Es gibt zwei Orte beim Diakonischen Lernen: Der Unterricht findet zunächst im Klassenzimmer statt und wird dann am außerschulischen Lernort fortgesetzt. Dort ist nicht mehr die Lehrkraft »Vermittlerin« von Wissen, vielmehr gibt der besondere Lernort mit den Begegnungen, die dort stattfinden, zu lernen auf. Anschließend wird das Lernen wieder ins Klassenzimmer zurückverlagert bzw. findet es bei wiederkehrenden Praxiselementen parallel im Klassenzimmer statt. Damit ist Diakonisches Lernen von seiner Struktur her dreischrittig.
Abb. 1: Die zwei Orte des Diakonischen Lernens
Die Ziele im Diakonischen Lernen sind der Erwerb von Wissen und von Erfahrungen mit diakonischem Handeln. Schülerinnen und Schüler nehmen in diesem Lernarrangement Anliegen und Ausprägungen von Diakonie auf kognitiver und affektiver Ebene wahr, sammeln eigene praktische Erfahrungen mit diakonischem Handeln bzw. erlernen Fähigkeiten des diakonischen Handelns und reflektieren diese im Hinblick auf ihre Person und darüber hinausgehende gesellschaftlichen Zusammenhänge. Sie vertiefen durch diese nun reflektierten Erfahrungen ihr Wissen und den Blick auf Diakonie sowie die mit ihr verbundenen biblisch-christlichen Traditionen und können zugleich ihre Haltungen, ihre Werturteile und ihre Persönlichkeit weiterentwickeln.

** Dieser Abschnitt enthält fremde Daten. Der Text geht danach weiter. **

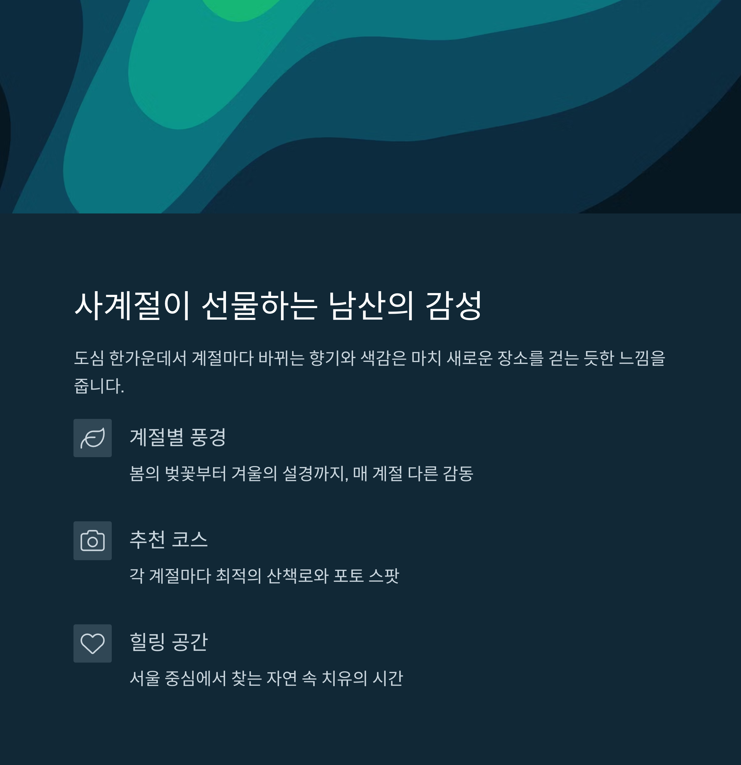 사계절이 들려주는 이야기를 따라 걸으며, 지금 이 순간을 온전히 느껴보세요.

Diakonisches Lernen ist damit eine zirkulierende Bewegung zwischen Theorie und Praxis, zwischen Sehen, Urteilen und Handeln. Bildlich gesprochen: Diakonisches Lernen steht auf zwei Beinen. ¹ Der Schwerpunkt kann sich je nach Zielsetzung und Situation von einem Bein zum anderen verlagern.

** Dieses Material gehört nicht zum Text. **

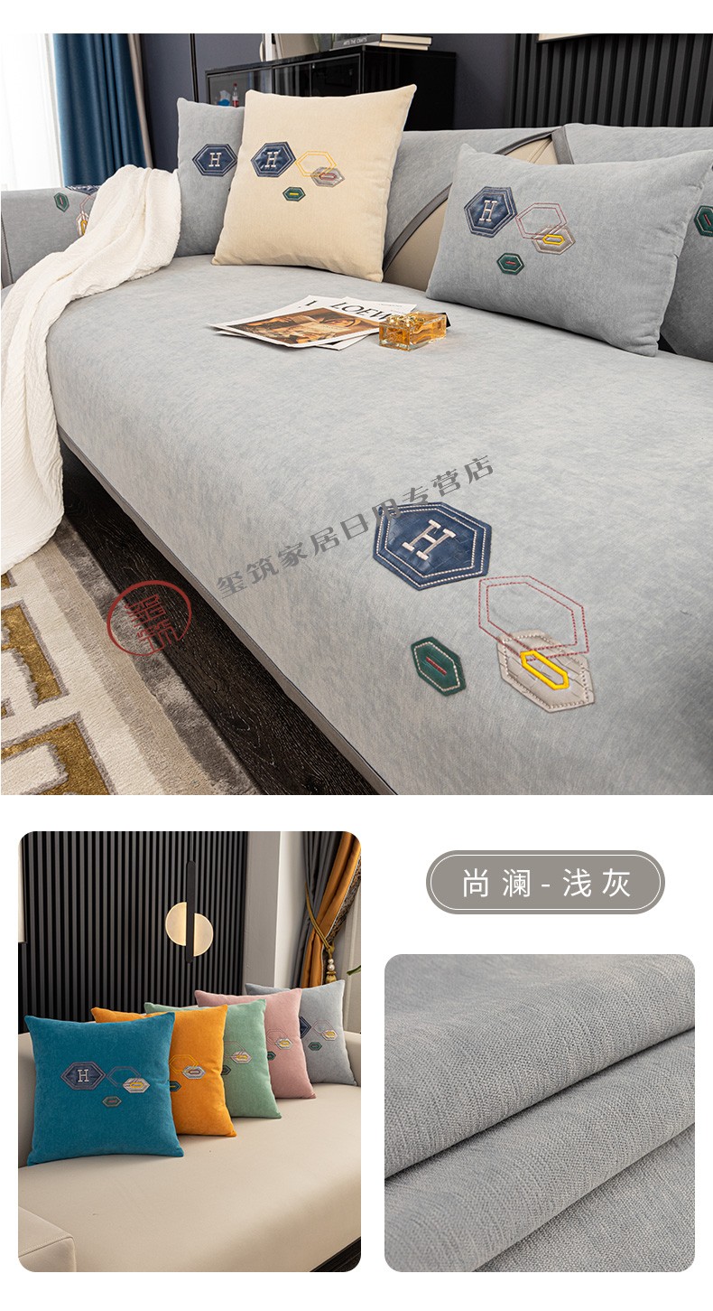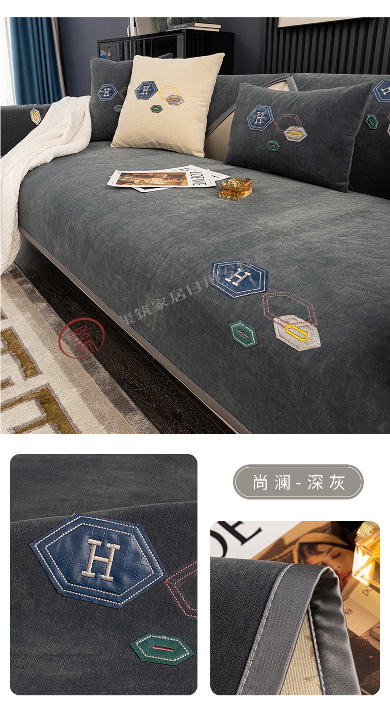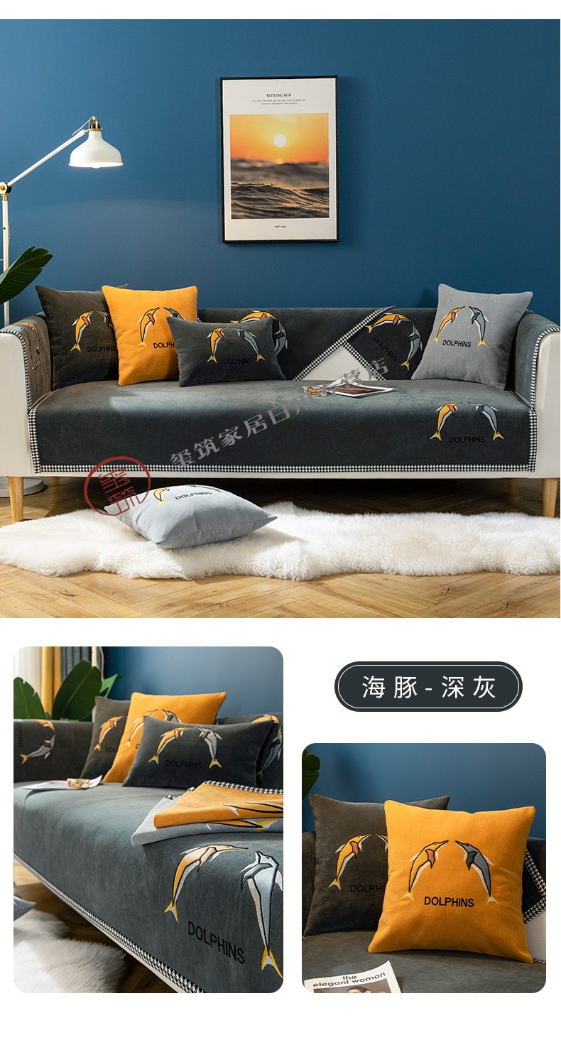 婴儿フランネル沙发垫四季通用防滑轻奢坐垫子北欧简约风格套罩巾 YAS-尚澜-深灰 抱枕套45*45

Das hier im Werkbuch entwickelte Verständnis von Diakonischem Lernen wird in Abschnitt 4.5 eingehend und im Gespräch mit anderen Konzeptionen Diakonischen Lernens dargelegt.

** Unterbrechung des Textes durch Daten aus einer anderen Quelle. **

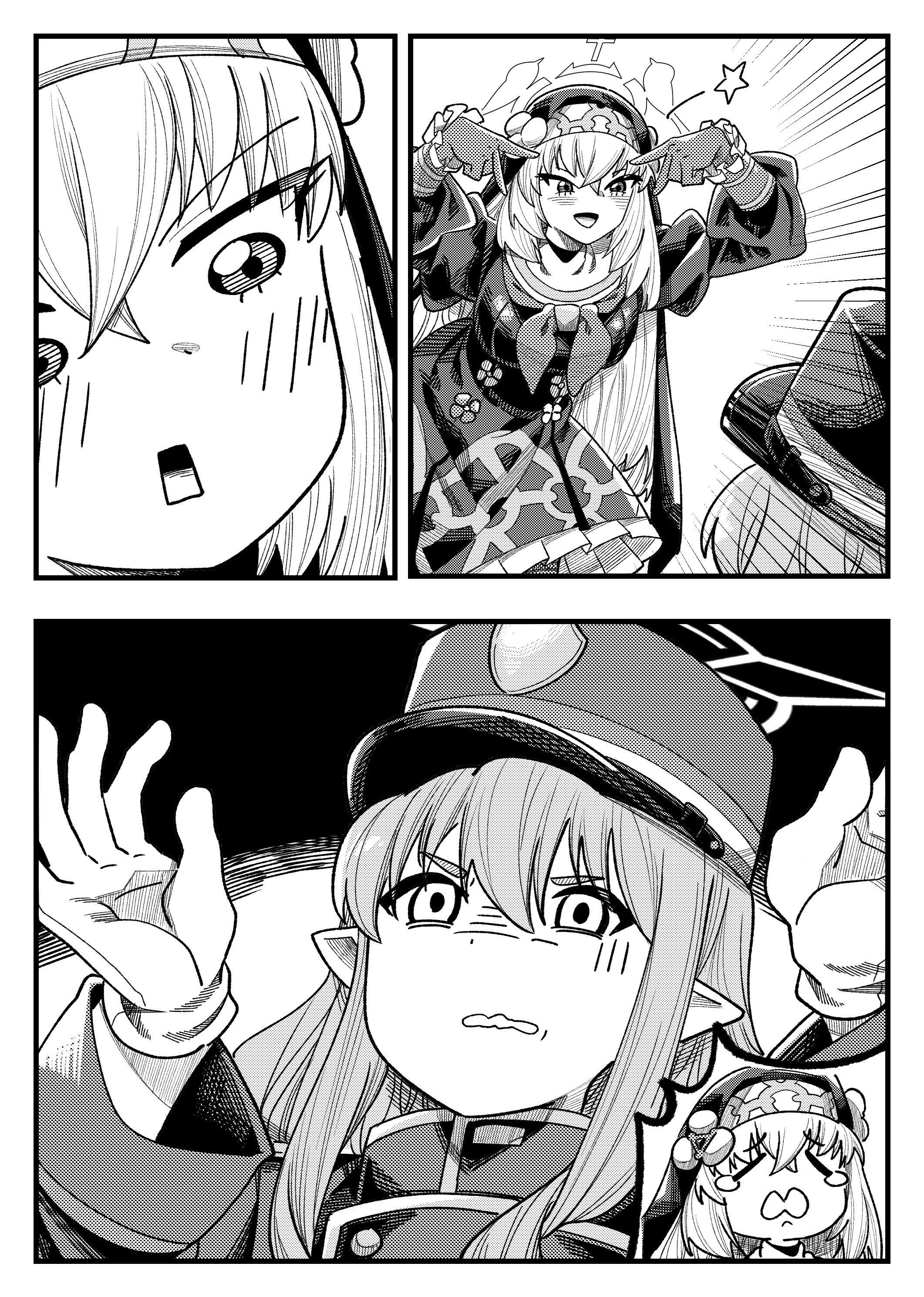 2girls absurdres blue_archive blush charmbird closed_eyes crossed_bangs crying double_v dress gloves greyscale hat highres hikari_(blue_archive) long_hair monochrome multiple_girls neckerchief open_mouth peaked_cap pointy_ears sakurako_(blue_archive) sidelocks v veil

Abb. 2: Die zwei Beine des Diakonischen Lernens
1 Das Bild verwendet bereits Merkel 2009, 85.
2. Der Aufbau des »Diakonischen Lernens« – Kurzübersicht
Diakonisches Lernen beinhaltet, dass die Schüler und Schülerinnen »etwas« über und von Diakonie lernen. Aus Lehrersicht ist zunächst zu fragen, wie der »Gegenstand« beschaffen ist, das heißt, welche Facetten von Diakonie es gibt. Auch in Zeiten des kompetenzorientierten Unterrichts bleibt die fachliche Erschließung und Klärung der erste Schritt der Unterrichtsvorbereitung, da nur angesichts der Kenntnis der Inhalte die zu erwerbenden Kompetenzen sachgerecht formuliert werden können. Parallel dazu machen sich die gastgebenden sozialen und diakonischen Einrichtungen und Initiativen Gedanken darüber, aus welchen Gründen und mit welchen Zielen sie Schüler und Schülerinnen »hereinholen« und beteiligen möchten.
An zeitlich nächster, aber sachlich gleichrangiger Stelle folgen die religionspädagogischen Überlegungen. Sie betreffen die Fragen, was Kinder und Jugendliche aus entwicklungspsychologischer Sicht können und was sie brauchen, wie sich soziales Lernen in der Schule ereignen kann, d. h. welche Klippen hier zu überwinden sind, auf welchen (Kompetenz-)Ebenen Schüler etwas lernen können, welcher Grundstruktur das Lernen folgt, welche Traditionen und Konzeptionen des Diakonischen Lernens es bereits gibt und wie die Rollen von Lehrkräften und Anleitern der diakonischen Lernorte aussehen.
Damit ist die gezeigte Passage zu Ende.